I think that is is really interesting to think about – how a lot of these companies are aping very self-consciously the terminology and the visions of cyberpunk, but the aesthetic has changed so much in order to not make it seem so gritty.
The one company I think that bucks this and does it unabashedly is Amazon. Amazon is like, “No, fuck this, these are the satanic mills of the 21st century. We're not trying to sell you a cool product, we're trying to sell you an ideology of convenience built on the back of indentured labour.”
But companies that have to sell you a lifestyle product have to sell it to you with kid gloves. You can't make it look threatening in the way that like Google Glass looked – very raw, very consciously nerds replicating the cyberpunk they love. You have to make it like a soft play area. The metaverse looks very cartoony, like Minecraft or something like that. You round off all the edges; it's all pastel colours. And none of that looks threatening.
I think that we really have to be careful here, in terms of not letting the dangling keys distract us from who's dangling those keys.
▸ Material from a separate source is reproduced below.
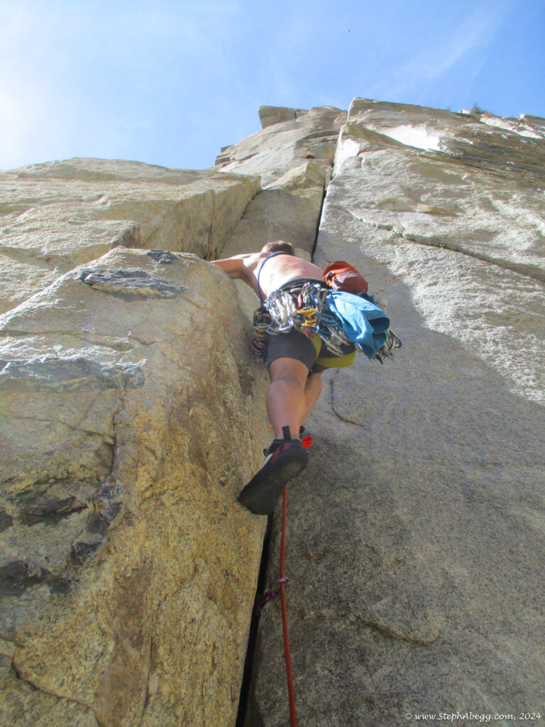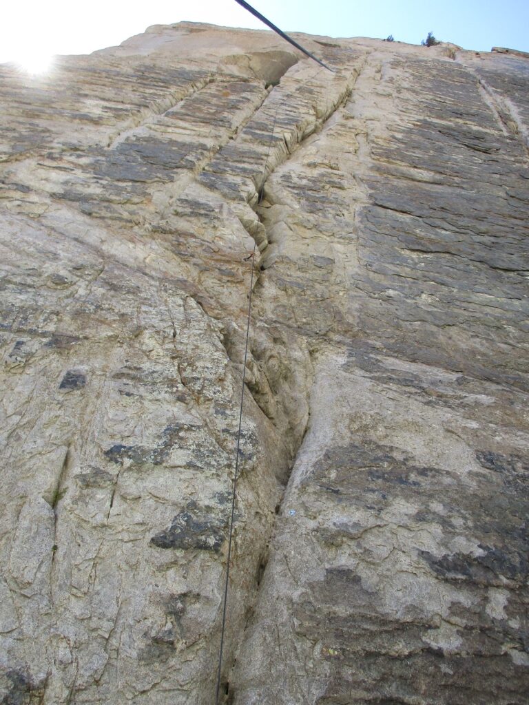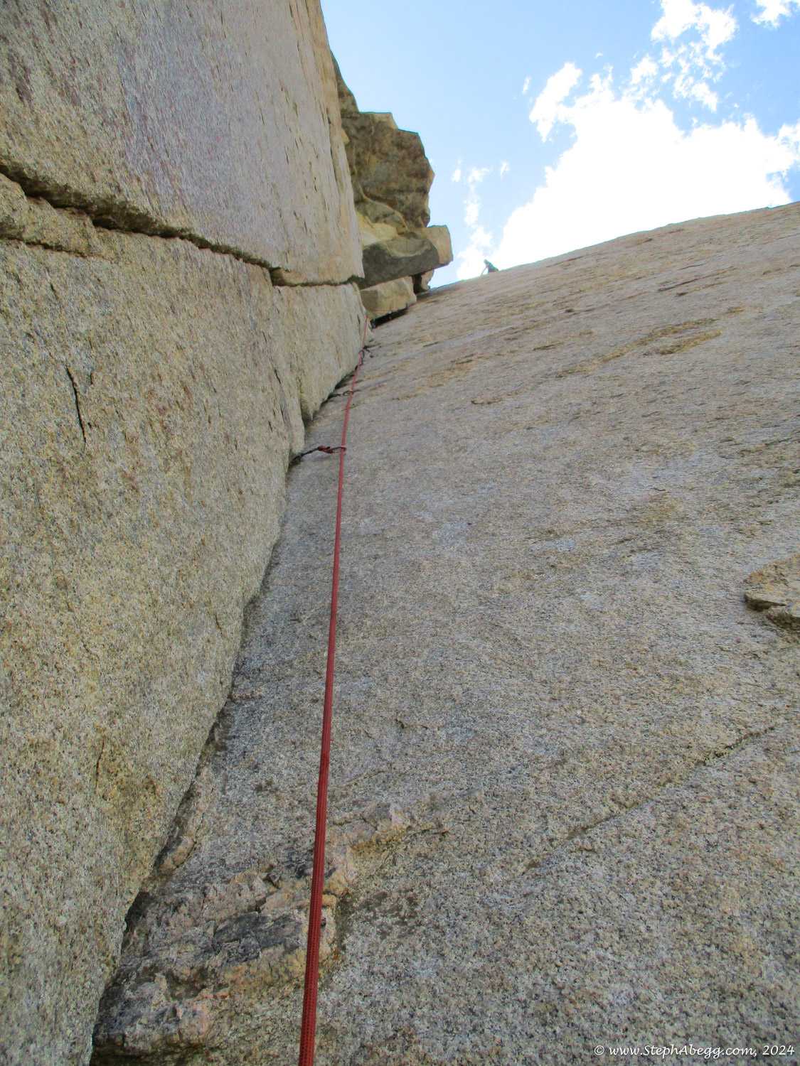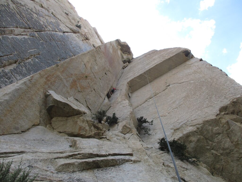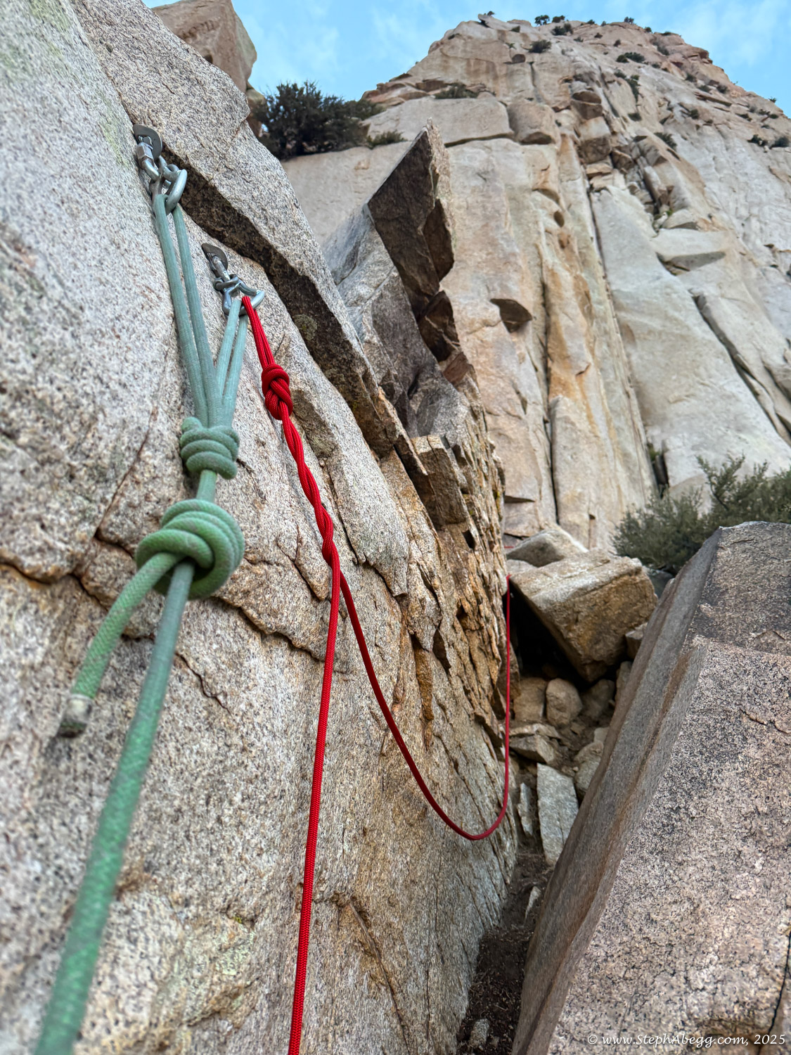 The Main Line (5.10b, 10p, 1200') on Tai Tower. With fixed ropes in place and located just outside the entrance to Pine Creek Canyon only minutes from the parking lot, it seemed like the ideal warm-up.

It's still the same company that has an interest in making money in any amoral way that they possibly can.
JH: It comes back to the line from your book of technology industry being an extractive enterprise. The metaverse is about the vast troves of data that they can absorb as a consequence of you living more and more of your life through online platforms.
I think the model here for the way that they want you to live is like the hardcore gamers in South Korea who spend twenty hours out of a day at gaming cafes playing Starcraft. That is your life, the avatar that you play is for all intents and purposes your authentic true self.
But you know, only a fraction of people are ever going to get that heavily into Starcraft or World of Warcraft. So for everybody else, you have to make technology that instead meets them where they are. So that's where the metaverse comes in.
And that's where Ray-Ban Stories comes in too, right? That's where you live, and Zuckerberg’s virtual reality metaverse office is where you work. So you log out of the metaverse, you take your VR goggles off, you put your glasses on, and then you go about living your life. But now you're living in augmented reality instead of virtual reality. I think that's the the dual connection here between those two products, and they're launched so close together, is that they form a holistic idea of intermediation.
It's fundamentally based on not only a kind of bloodless way of living, but one that is so thoroughly intermediated with that layer, that data layer, that platform layer.